Triage answers five questions. Each produces a specific deliverable that the investigation team needs. Once all five are answered, triage is complete — regardless of how much more you could learn by continuing.

Is this a true incident? The deliverable is a classification: TP, FP, BTP, or Indeterminate with a confidence level. This is the scorecard output from Section 0.8. The classification tells the investigation team whether they are starting from a confirmed compromise or evaluating an ambiguous signal.

What is the severity? The deliverable is a severity tier — Critical, High, Medium, or Low — based on the asset classification and blast radius from Section 0.5. Severity determines response urgency. A Critical finding means the IR team mobilizes immediately. A Low finding means documentation now and a scheduled follow-up within the SLA window.

What volatile evidence must be preserved? The deliverable is a list of evidence preservation actions with timestamps, integrity hashes, and chain-of-custody metadata. Memory dumps captured, log snapshots taken, process states recorded — everything documented against the framework from Section 0.6.

What immediate containment is needed? The deliverable is a record of containment actions executed and verified. Session revoked, endpoint isolated, account disabled. Each action timestamped with confirmation that it succeeded. Containment that isn't verified isn't containment.

What does the investigation team need to start? The deliverable is the triage report itself — classification, severity, evidence inventory, containment record, and outstanding scope questions. When the investigation team reads it, they begin deep analysis immediately rather than spending their first hour reconstructing what you already knew.

Figure TR0.7a — Triage produces the classification, evidence, and containment. Investigation starts from the handoff. The arrow is the triage report.

What triage deliberately leaves unanswered

Triage leaves several critical questions for the investigation phase. These aren't failures — they're boundaries. Trying to answer investigation questions during triage delays the handoff and degrades both phases.

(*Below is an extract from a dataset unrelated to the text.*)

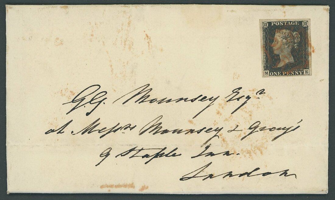 ME, recut side lines, good to huge margins all round, tied by Liverpool orange Maltese Cross to entire letter, dated 23 Dec. 1840, addressed to London; fine and attractive

Who is the attacker? Triage identifies the compromised account and the entry vector. Investigation determines attribution — threat actor group, campaign infrastructure, whether this is opportunistic or targeted. Attribution matters for long-term defense posture, but you don't need it to revoke a session or isolate an endpoint. The containment decision doesn't change based on whether the attacker is APT29 or a commodity phishing kit.

How far did they get? Triage identifies the environments touched based on initial evidence (Section 0.4's boundary crossings). Investigation determines the full scope — every account accessed, every system pivoted to, every persistence mechanism planted. This is the question that most often triggers triage creep. You see evidence of lateral movement in the sign-in logs and your instinct is to follow it. That's investigation instinct, not triage instinct.

During triage, you document the boundary crossings you observed and hand them to the investigation team as scope questions. They have the hours and the forensic tooling to chase every pivot.

What data was accessed or exfiltrated? Triage confirms that data access occurred — the database export started, the SharePoint download triggered, the OneDrive sync ran. Investigation determines exactly what records were touched, what volume left the environment, and what regulatory notification timeline applies. The data loss assessment feeds the legal framework from Section 0.6, but the assessment itself requires hours of log correlation across CloudAppEvents, OfficeActivity, and AuditLogs that triage can't accommodate.

What is the root cause? Triage identifies the technical entry point — AiTM via phishing, credential spray against a legacy endpoint, USB insertion on a factory floor device. Investigation determines why: why the phishing email bypassed email security, why the account lacked conditional access enforcement, why the legacy endpoint accepted RDP from the internet, why service account credentials were cached on a user workstation. Root cause analysis feeds remediation. Triage feeds investigation.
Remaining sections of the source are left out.